I’ve been amazed to see how quickly those fields changed, or how quickly something like NGS sequencing, single-cell RNA-seq, have gone from being an “interesting technology” to something that’s in every biology presentation that I see. It’s the way we’re understanding how cells differ from each other or differ over time. The changes in technology, and the questions they’ve permitted us to ask, has surprised me more than that of the evolution of biology.
How does moving into more complex drugs, precision medicine, cell and gene therapy, change or impact your work or focus?
Let me answer that in two ways. So as a person who runs technology groups, some of those technologies we support and we need to evaluate quickly. There’s always new technologies, there’s always more you could do, but what can you do more that will have an impact? Will this have an impact on our ability to identify good targets and good potential medicines?
You must have good people with technology who have a good sense of if this is something we should implement or something we should assess or something we should check out externally and then implement later if it’s useful.
On the other side, where I think in terms of molecule discovery itself, where I think it makes a bigger impact is coming up with the targets. You need the molecule or the modality, but if you’re not applying it to the right target, none of the rest of that matters. So anything that will help biologists more deeply understand biology and identify the right targets for intervention benefits us.

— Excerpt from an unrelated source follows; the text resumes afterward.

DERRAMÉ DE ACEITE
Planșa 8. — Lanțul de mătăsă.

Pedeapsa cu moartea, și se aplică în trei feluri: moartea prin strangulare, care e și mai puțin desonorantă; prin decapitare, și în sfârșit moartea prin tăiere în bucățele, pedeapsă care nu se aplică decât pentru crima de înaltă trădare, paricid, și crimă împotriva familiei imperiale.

You touched on focusing on patient preference and patient ease in your presentation. How have you seen that emphasis evolve?
The patient is who motivates us. The specific question of when patient convenience starts coming up: that comes up in research as we’re discovering the molecule. That’s the motivation for having long-acting molecules so they don’t have to come into the medical offices so often.
I can think of specific programs where we had two molecules, one of which would have to be lyophilized and reconstituted in the doctor’s office. No one really wanted to go that route; everyone wanted the pre-filled syringe because it would be more convenient for the doctor and the patient.
Or we think about devices for at-home administration for therapies for which that’s appropriate. You need a device and subcutaneous formulation for that. That’s also for patient convenience, so they can use it at their own home and don’t have to go into a doctor’s office.